- **STORED DATA**
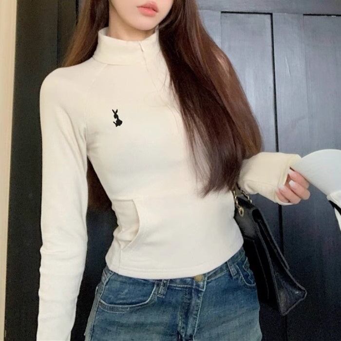 ハーフジップ ストレッチ ニット カットソー レディース 韓国 ハイネック 長袖 フロントポケット リブニット
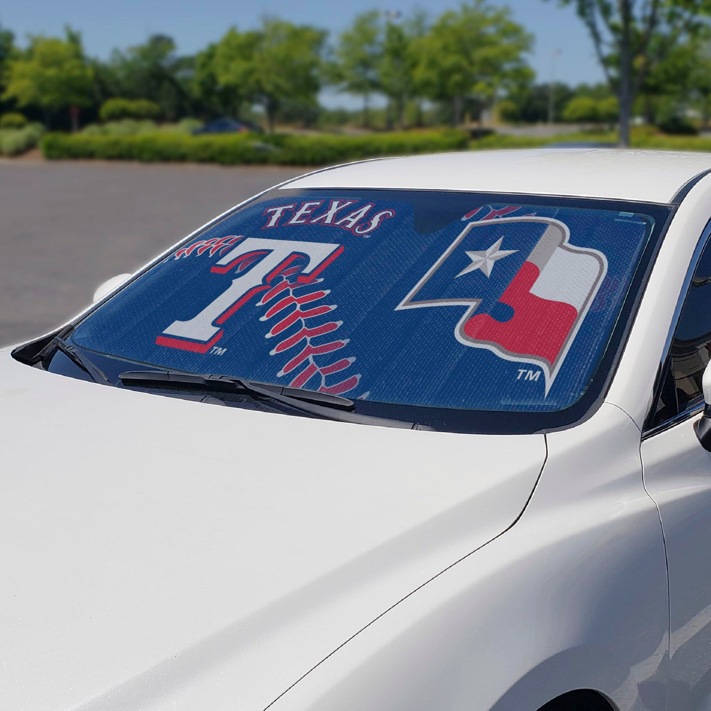 Q: Is the FANMATS sunshade officially licensed, and what team design is available?A: Yes, the FANMATS sunshade is officially licensed and features a colorful team design representing the Texas Rangers, making it a great accessory for fans.
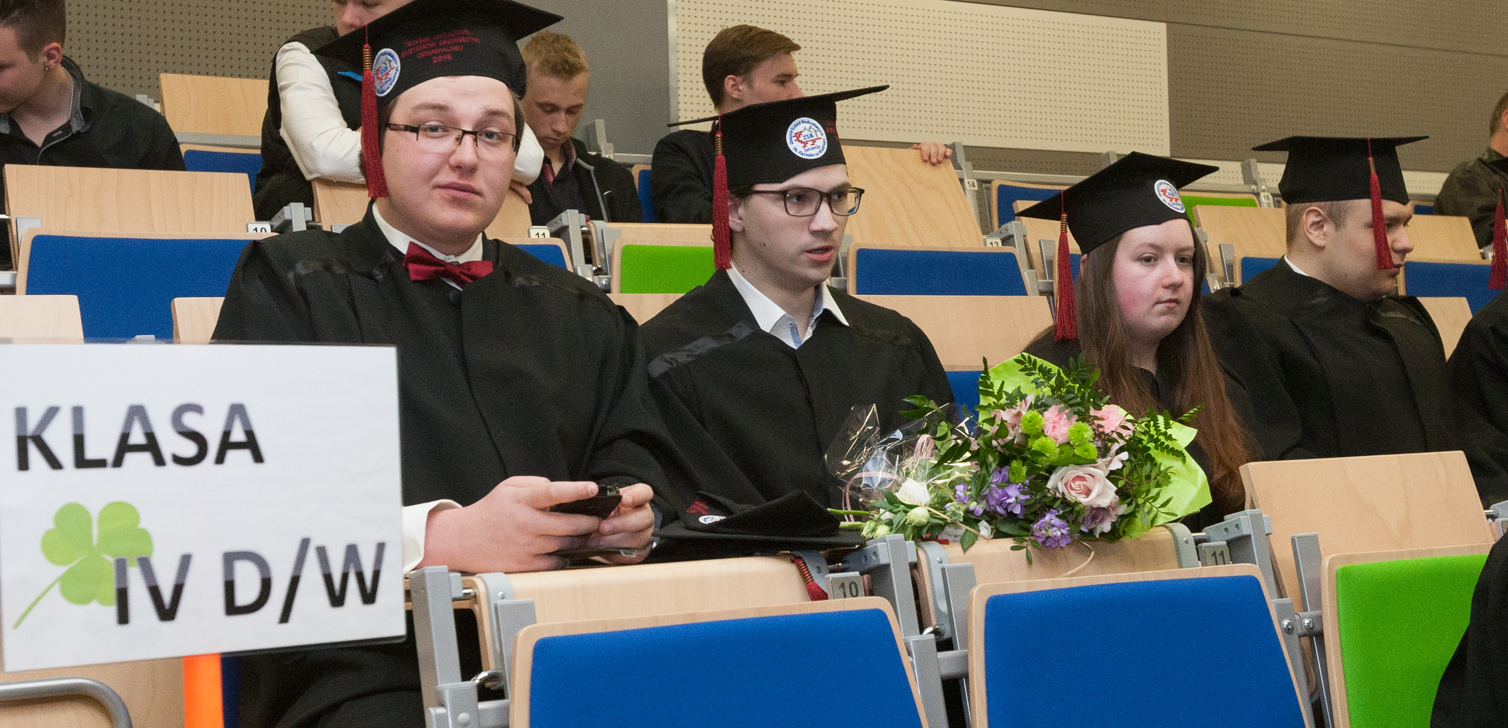Około 130 absolwentów Zespołu Szkół Budowlanych w Szczecinie świętowało swoje absolutorium. Tradycyjnie już abiturienci "budowlanki" otrzymanie świadectwa ukończenia szkoły, zaakcentowali radosnym wyrzuceniem biretów w górę. Były kwiaty, podziękowania nauczycielom i rodzicom

- **TASK STATEMENT**
Begin at the first line of the material and copy each line exactly through the one containing "Q: Is the FANMATS". Omit pictures.

- **WRITTEN SOLUTION**
 ハーフジップ ストレッチ ニット カットソー レディース 韓国 ハイネック 長袖 フロントポケット リブニット
 Q: Is the FANMATS sunshade officially licensed, and what team design is available?A: Yes, the FANMATS sunshade is officially licensed and features a colorful team design representing the Texas Rangers, making it a great accessory for fans.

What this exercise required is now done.